Q&A: How today’s tech alienates the elderly
On Silver Surfer’s Day, a UK academic has blamed unnecessarily complicated user interfaces for putting older people off joining the Government-backed Race Online.
According to Mike Bradley, senior lecturer in product design and engineering at Middlesex University, efforts to be more inclusive are being undermined by software and hardware design that is exclusively targeted at younger users.
The idea of looking after your user and understanding where they start from and allowing them to improve skills before you throw the big, heavy stuff at them is probably best shown in gaming
We caught up with Bradley, who is working on projects to design simpler interfaces, to find out why the current icon-based software interfaces are alienating older users.
Q. Is modern technology really any more exclusive than earlier generations for older people?
A.The older graphical user interfaces were, compared to today, a lot simpler. There was a lot less going on, the icons were simpler – with some designed to work in black and white, they tended to be more obvious.

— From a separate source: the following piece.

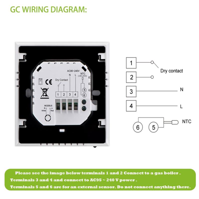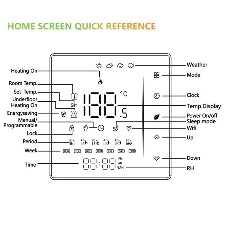 Denne termostat har en stilfuld rammeløs front med en 3,0-tommers LCD-skærm og en 2,5D buet kant, der giver et rent, moderne udseende. Skjulte kapacitive berøringsknapper bevarer det minimalistiske look, samtidig med at betjeningen forbliver enkel og intuitiv. Den flerfarvede LED-skærm gør det nemt at kontrollere indstillingerne og overvåge rumforholdene med et enkelt blik.

Also, if you look at the number of icons on each package and compare, say, Microsoft Word today to the first incarnation of Word, there’s about three times as many icons. If you’re a novice, that’s much more difficult to get your head around.
For people like us who have grown up with computers, the change has been easy, it’s incremental. But the developments have skewed most mainstream software packages towards the expert user. If you’re designing an application you get feedback from customers who say – “I’d like this feature or that feature” and they stick it in, evolving it towards the needs of their current customers.
It’s good business practice, but the net effect is that packages get more complex. Unless there’s a recognition and a reset they will get progressively more difficult for novices to master.
Q. Is there an argument for a tiered approach – one package with several interfaces?
A. It’s been talked about in the research community, the idea of progressive disclosure, where you’re not going to show the full functionality to people from the off, but you allow them to discover the basic and then move onto an intermediate level.
I’ve not seen a good implementation of that in software yet. The idea of looking after your user and understanding where they start from and allowing them to improve skills before you throw the big, heavy stuff at them is probably best shown in gaming.
Q. Do developers of technologies such as smartphones take too much knowledge for granted?
A. They certainly do. In our research, we’ve been getting older people to use things like the Apple iPad and the Samsung Galaxy Tab. With both Apple and Android – they are much easier than trying to learn to use a PC, but you do get to a point where you have to understand iconography, and work quite laterally to complete tasks.